| Data records |

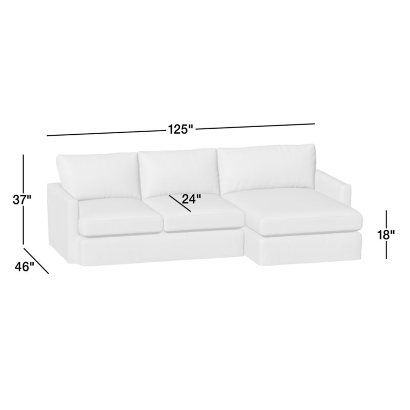 Lounge Deep 2-Piece Slipcovered Sectional Sofa with Chaise Lounge25"Hheight125"Wwidth64"DdepthMeasurements are in inches.63.5Hheight317.5Wwidth162.56DdepthcmMeasurements are in centimeters.
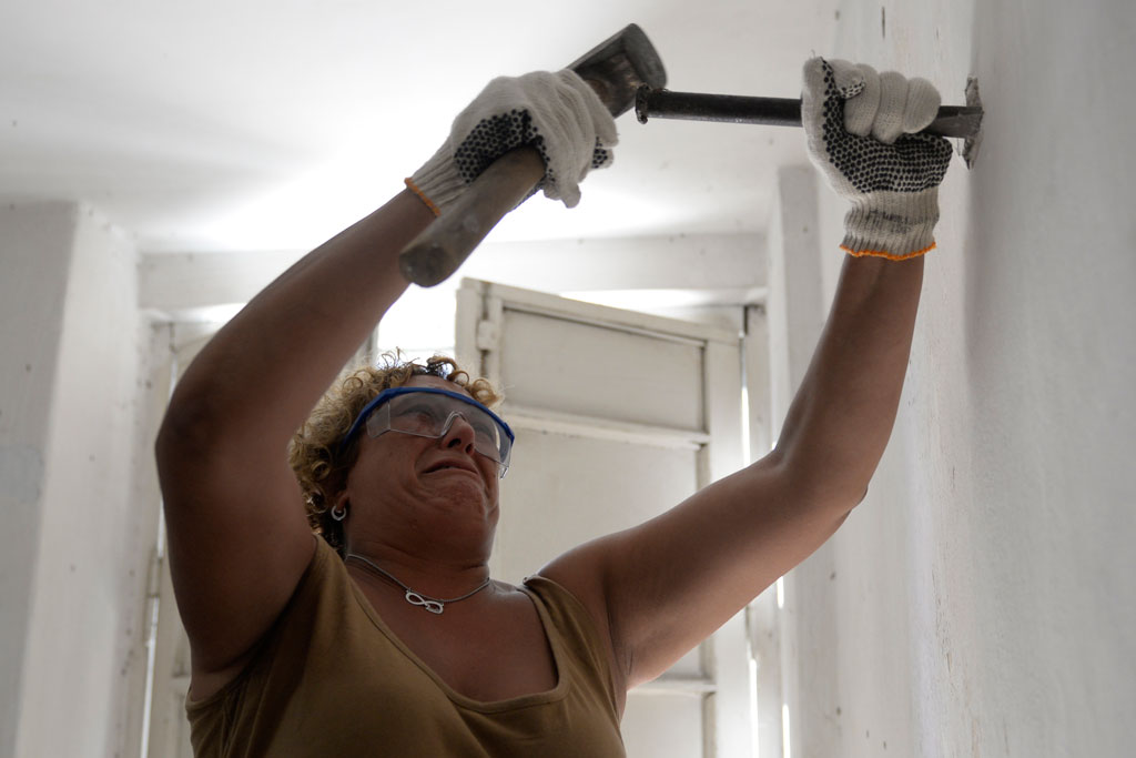 Paula Vanina Luna, hija de Daniel Gorosito, desaparecido el 28 de Octubre de 1976, demoliendo una de las paredes del ex CCD “El Pozo”, hoy Centro Popular de la Memoria. Acto simbólico de organismos de derechos humanos DDHH y del gobierno de Santa Fe.
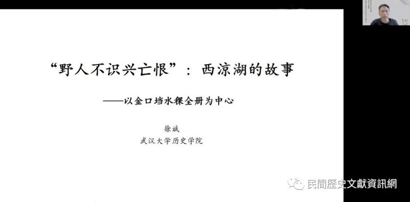 徐斌教授報告題目為「野人不識興亡恨:西涼湖的故事——以金口壋水稞全冊為中心」,報告以金口壋水稞全冊作為基本史料,討論河泊所是如何管理漁戶、船戶等水上人群並進行收稅。他從金口壋水稞全冊切入,結合在西涼湖的田野所得,嘗試探究賦稅體系背後的當地水上社會。報告提出當地的漁戶群體一直處於流動的狀態。同時,他們與軍戶間呈現出此消彼長的態勢。圍墾一直是西涼湖地方社會面對的主要問題。
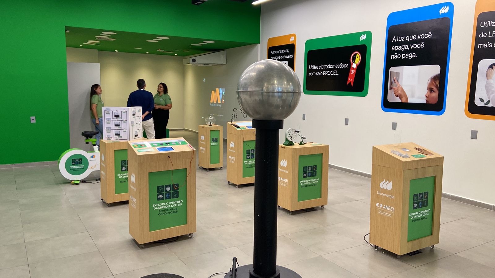“Os visitantes irão se encantar com os experimentos oferecidos na Exposição Interativa. Crianças a partir de 6 anos de idade são convidadas a compreender, através de vídeos, estímulos sensoriais, experimentos físicos e aulas dialogadas, o que é a energia elétrica, como é gerada, transmitida de um ponto a outro em alta tensão e distribuída para consumo entre os clientes de pequeno e grande porte, além de orientações didáticas de como é possível utilizar energia elétrica de forma consciente, segura e sustentável”, explica Ana Christina Mascarenhas, superintendente do Programa de Eficiência Energética da Neoenergia.
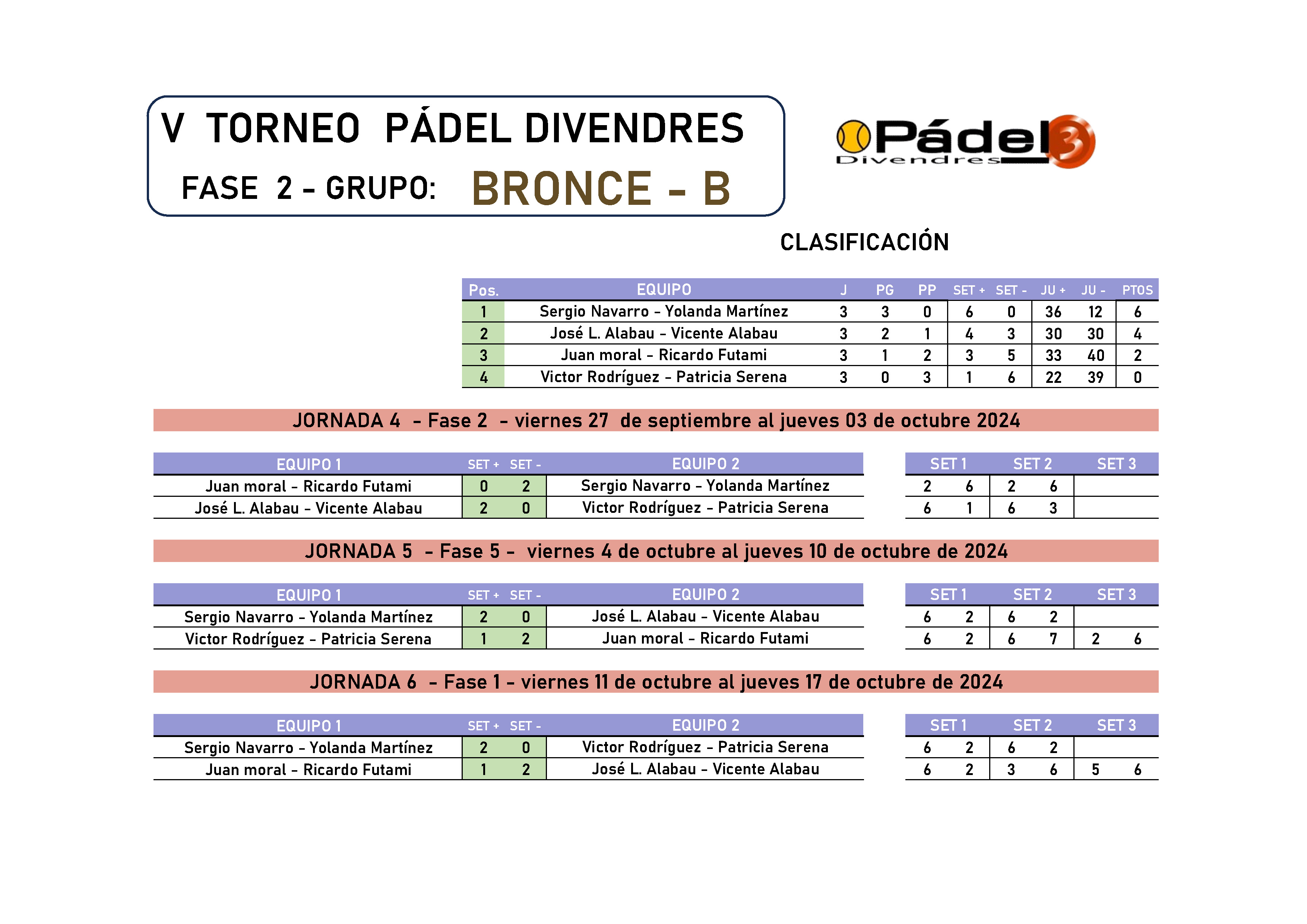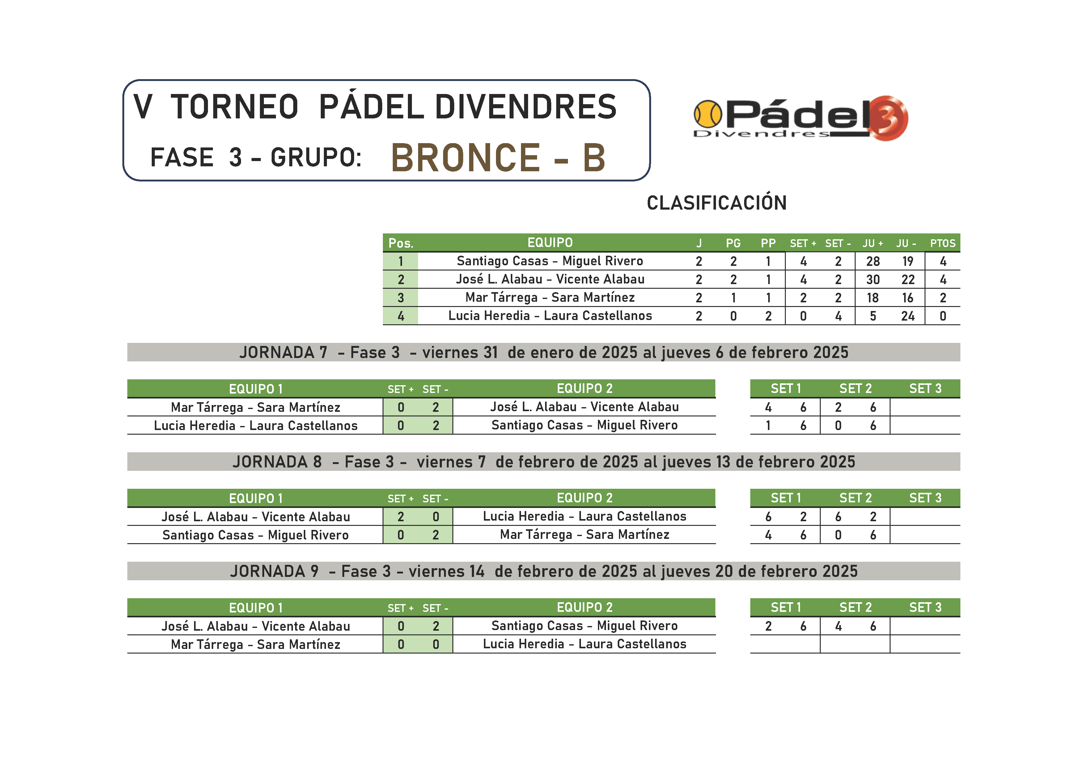 CATEGORÍA BRONCE GRUPO B Resultados 3ª Fase Resultados 2ª Fase Resultados 1ª Fase ↑ Ascienden a Plata:
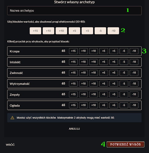 W polu tekstowym (1) wpisujemy nazwę Archetypu. Nazwa ta jest widoczna wyłącznie dla nas — nie pojawia się na karcie postaci.
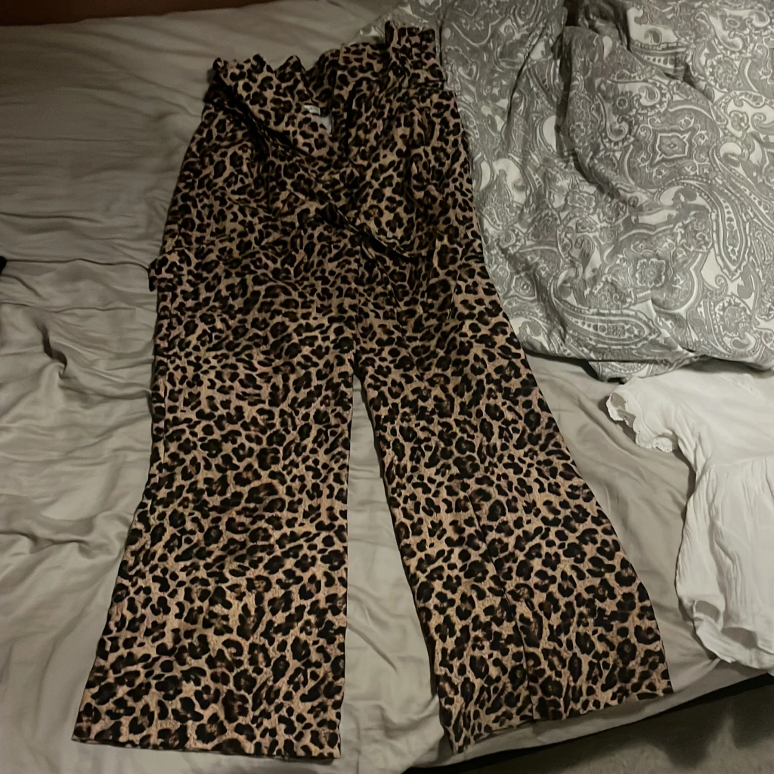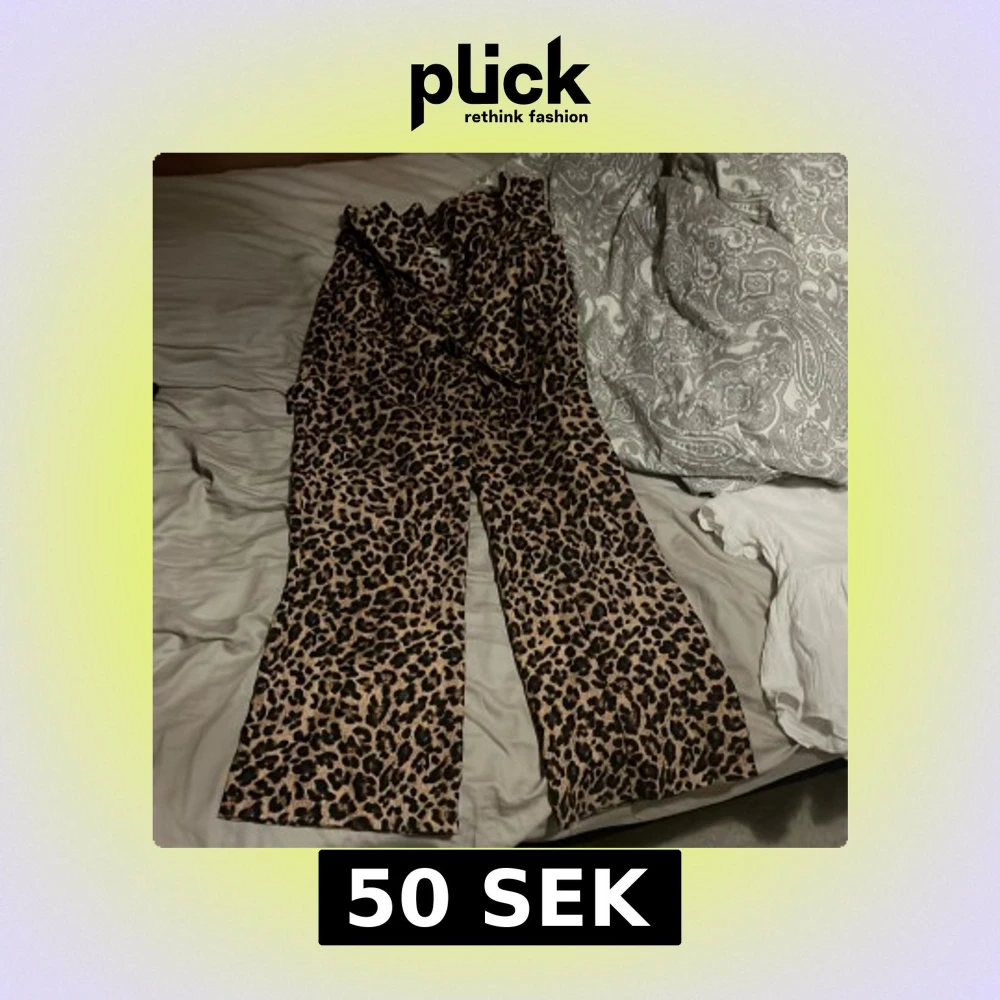 Säljer ett par snygga leopardmönstrade byxor från Chiquelle i storlek XS. Byxorna har vida ben och ett coolt heltryck i beige och svart. Perfekt för dig som vill sticka ut med ett djuriskt mönster och skön passform.
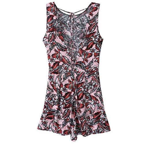 Sweet and flirty, this sleeveless romper has summer style. It features an allover floral print
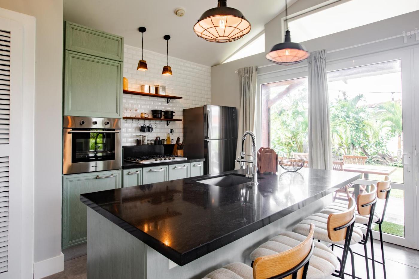 Three-Bedroom Villa. This villas special feature is the infinity pool. Featuring a private entrance, this air-conditioned villa comprises 1 living room, 3 separate bedrooms and 3 bathrooms with a shower and a bidet. Guests will find a stovetop, a refrigerator, a dishwasher and kitchenware in the fully equipped kitchen. The villa also provides guests with a barbecue. Boasting a terrace with garden views, this villa also provides a washing machine and a flat-screen TV with streaming services. The unit offers 4 beds.
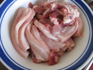 挑选肥瘦均匀的五花肉,我选择瘦肉多一点的。洗干净放冰箱里冷冻一下,这样方便切片。
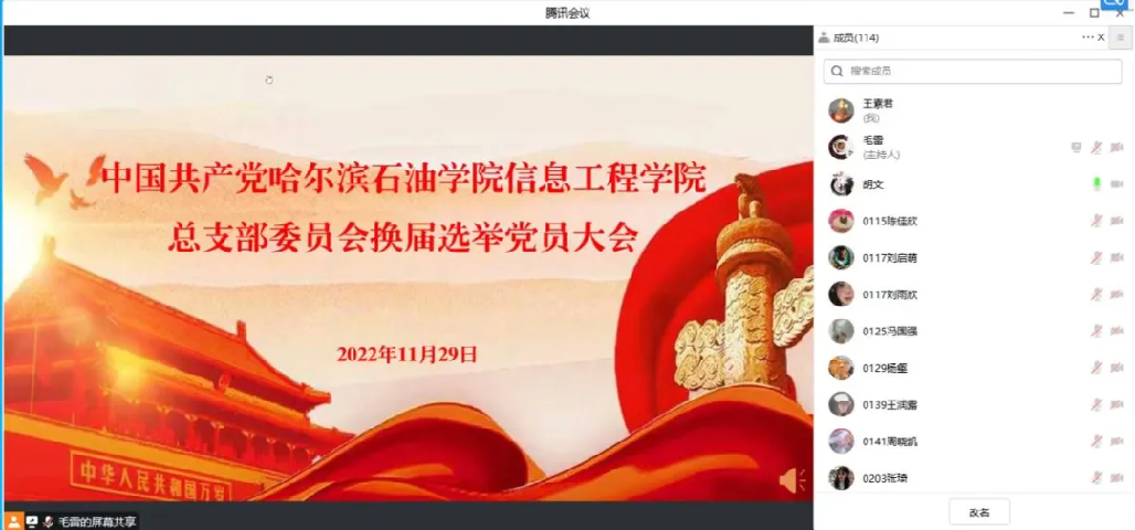 根据《中国共产党章程》、《中国共产党基层组织选举工作条例》、《中国共产党普通高等学校基层组织工作条例》等有关规定,66名正式党员通过无记名投票进行了差额选举。选举产生:于洪峰、毛雷、邓春伟、史焕卿、朱佳梅、鲍庆鹏(以姓氏笔画为序)为新一届党总支委员会委员。

| Problem to solve |
Please print exactly the lines from the one holding "Säljer ett par" through the final line of the data above, including both, and skip all pictures.

| Result of the exercise |
 Säljer ett par snygga leopardmönstrade byxor från Chiquelle i storlek XS. Byxorna har vida ben och ett coolt heltryck i beige och svart. Perfekt för dig som vill sticka ut med ett djuriskt mönster och skön passform.
 Sweet and flirty, this sleeveless romper has summer style. It features an allover floral print
 Three-Bedroom Villa. This villas special feature is the infinity pool. Featuring a private entrance, this air-conditioned villa comprises 1 living room, 3 separate bedrooms and 3 bathrooms with a shower and a bidet. Guests will find a stovetop, a refrigerator, a dishwasher and kitchenware in the fully equipped kitchen. The villa also provides guests with a barbecue. Boasting a terrace with garden views, this villa also provides a washing machine and a flat-screen TV with streaming services. The unit offers 4 beds.
 挑选肥瘦均匀的五花肉,我选择瘦肉多一点的。洗干净放冰箱里冷冻一下,这样方便切片。
 根据《中国共产党章程》、《中国共产党基层组织选举工作条例》、《中国共产党普通高等学校基层组织工作条例》等有关规定,66名正式党员通过无记名投票进行了差额选举。选举产生:于洪峰、毛雷、邓春伟、史焕卿、朱佳梅、鲍庆鹏(以姓氏笔画为序)为新一届党总支委员会委员。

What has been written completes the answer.